I couldn’t believe how AI could help me (almost) eradicate technical bottlenecks in my workflow

Download Adobe Substance 3D
(Image credit: Adobe)

I’ve been working in the 3D industry for over two decades now, and in that time we’ve seen a heck of a lot of innovation. I’ve witnessed, first-hand, improvements to modelling workflows, material creation, lighting techniques, and rendering technologies. How far we’ve come in this time is truly spectacular.

But despite such wonderful, ground-breaking development, we still experience technical bottlenecks which slow us down and take us away from the process of creating art and being creative. I doubt we’ll ever completely smooth out our workflows such that we don’t experience any friction or frustration, but surely we can make some progress.

As much as most creatives would want to protect the creative process from the tentacles of AI, there are some fantastic emerging tools which can help us with the elements of our workflow that are time-consuming, laborious, and frankly quite boring. Here are three industry-leading 3D design packages which are utilising AI for the good.

Adobe Substance 3D Assets

(Image credit: Adobe)

1. Adobe Substance 3D

When it comes to creating textures, there’s one application that 3D artists are turning to for producing outstanding results with a relatively simple node-based workflow, and that’s Substance 3D. I first came across it when I was interviewing director and animator Pedro Conti in 2023. He was only beginning to use software back then but was already using it to great effect.

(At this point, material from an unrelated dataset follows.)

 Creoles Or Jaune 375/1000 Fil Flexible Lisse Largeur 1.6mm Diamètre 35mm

Since then, Adobe has added an impressive set of AI-assisted material and texture tools which make the software not only quicker and easier to use but also able to generate better results. Adobe bringing Firefly generative AI into Substance 3D workflows was and still is an absolute game-changer for the 3D industry.

These AI advancements enable artists to generate textures from text prompts, which “significantly accelerates traditionally time-consuming and intricate 3D texturing". Rather than spending countless hours setting up nodes and parameters, it’s not possible to get 90% of the way towards creating your desired texture with just a simple prompt.

Unreal Engine 5.5

(Image credit: Epic Games)

2. Unreal Engine

It is truly mind-blowing to see what real-time gaming engines are now capable of in terms of visual output. I remember Unreal Engine introducing Lumen and how this totally revolutionised global illumination and reflection solutions within a real-time environment.

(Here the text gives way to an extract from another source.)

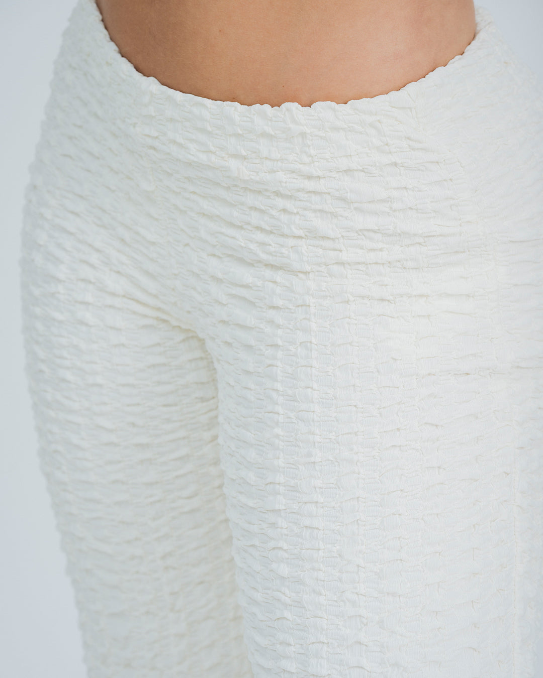 Pantalón talle medio, ajustado en la cadera, bota amplia con aberturas, elástico en cintura, tejido con elongación con textura, color marfil. La modelo usa talla 8.
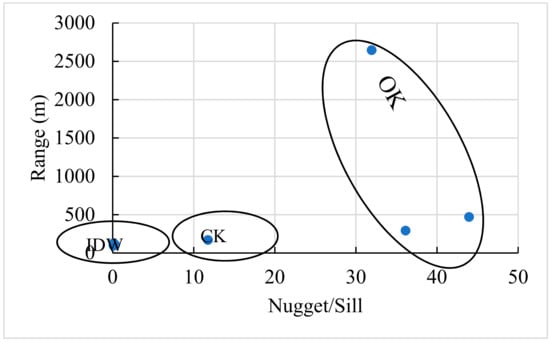 Many researchers have evaluated the performances of the different interpolation methods. The results almost always differ. In a newly reclaimed area in the southern part of the Behera Governorate of Egypt, the IDW method outperformed the other methods, including the ordinary kriging, regression kriging, and cokriging methods []. In the agricultural coastal areas of northern Iran, the OK method had the minimum error compared with the IDW and conditional simulations methods []. In the southern part of the Arkansas River Basin in Colorado, USA, the performances of the different geostatistical models were as follows: ordinary kriging > regression kriging > cokriging []. In other words, the applicability of the spatial prediction methods to a specific soil in a specific region are still unknown. In our study area, different methods were found to be optimal for the different soil properties and soil layers (Table 5). We found that the optimal methods are closely related to the relationship between the nugget/sill value and the range of the considered soil properties values (Figure 8). The soil properties with lower nugget/sill values and smaller ranges are best predicted using the IDW method. The soil properties with intermediate nugget/sill values and value ranges are best predicted using the CK method. The soil properties with higher nugget/sill values and larger ranges are best predicted using the OK method. This may be caused by the different calculation methods used by the different prediction methods. The kriging method is a function of the statistical stationarity, while the IDW is a function of the distance between the sampling points []. When both the nugget/sill value and the range are lower, the property has a strong spatial dependence in a short distance. This condition may be more in accord with the assumptions of the IDW method.

The revolution didn’t stop there, though. With NVIDIA RTX GPUs, it’s now possible to experience next-gen viewport and rendering features which completely transform workflows and open up a whole world of new possibilities, especially for rendering.

One such area is path tracing with AI denoising. According to Epic Games’ documentation, the “NVIDIA OptiX AI-Accelerated Denoiser library is a GPU-accelerated artificial intelligence trained on tens of thousands of images to reduce visual noise while providing faster denoising times.” Denoising has traditionally been a slow process with variable results, but thanks to NVIDIA RTX GPUs and OptiX technology, it’s faster and more reliable than ever.

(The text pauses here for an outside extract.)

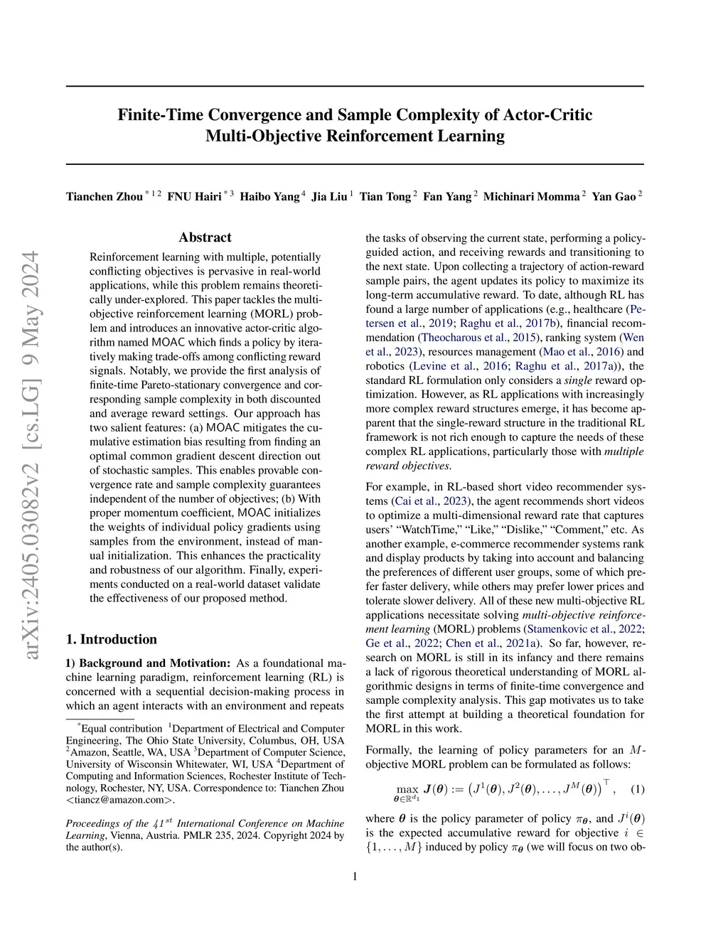 Reinforcement learning with multiple, potentially conflicting objectives is pervasive in real-world applications, while this problem remains theoretically under-explored. This paper tackles the multi-objective reinforcement learning (MORL) problem and introduces an innovative actor-critic algorithm named MOAC which finds a policy by iteratively making trade-offs among conflicting reward signals. Notably, we provide the first analysis of finite-time Pareto-stationary convergence and corresponding sample complexity in both discounted and average reward settings. Our approach has two salient features: (a) MOAC mitigates the cumulative estimation bias resulting from finding an optimal common gradient descent direction out of stochastic samples. This enables provable convergence rate and sample complexity guarantees independent of the number of objectives; (b) With proper momentum coefficient, MOAC initializes the weights of individual policy gradients using samples from the environment, instead of manual initialization. This enhances the practicality and robustness of our algorithm. Finally, experiments conducted on a real-world dataset validate the effectiveness of our proposed method.

A shot of 3D characters on a train station

(Image credit: Reallusion and Bentley Systems)

3. NVIDIA Omniverse

Running physical AI simulation applications and agentic simulation workflows is not for the faint-hearted. Not only is it complicated, but it’s also hugely hardware-intensive. That’s why many users are turning to NVIDIA Omniverse for its accelerated libraries and microservices.

Omniverse features “GPU-accelerated physics libraries built on NVIDIA PhysX® [which] deliver scalable, USD-native physics for complex simulation, robotics, and industrial digital twin workflows."

This isn’t the only area that NVIDIA RTX technology is accelerating Omniverse workflows. In the area of rendering and simulation, “sensor simulation and physically-based, real-time rendering libraries built on NVIDIA RTX™ help generate synthetic data and simulate physical AI environments at scale.”

Omniverse not only makes it possible to achieve the seemingly impossible but also, thanks to NVIDIA RTX technology, is able to do that in a fraction of the time it would have taken only a few years ago.

More time to focus on what matters most

The bottom line is that NVIDIA RTX acceleration helps turn traditionally slow 3D design into a faster, more efficient process. Tasks that used to take hours can now be carried out by the simple push of a button. Far from removing control from the artist or reducing creativity, these enable creators to focus more of their time and energy on what matters most, making something the people want to see.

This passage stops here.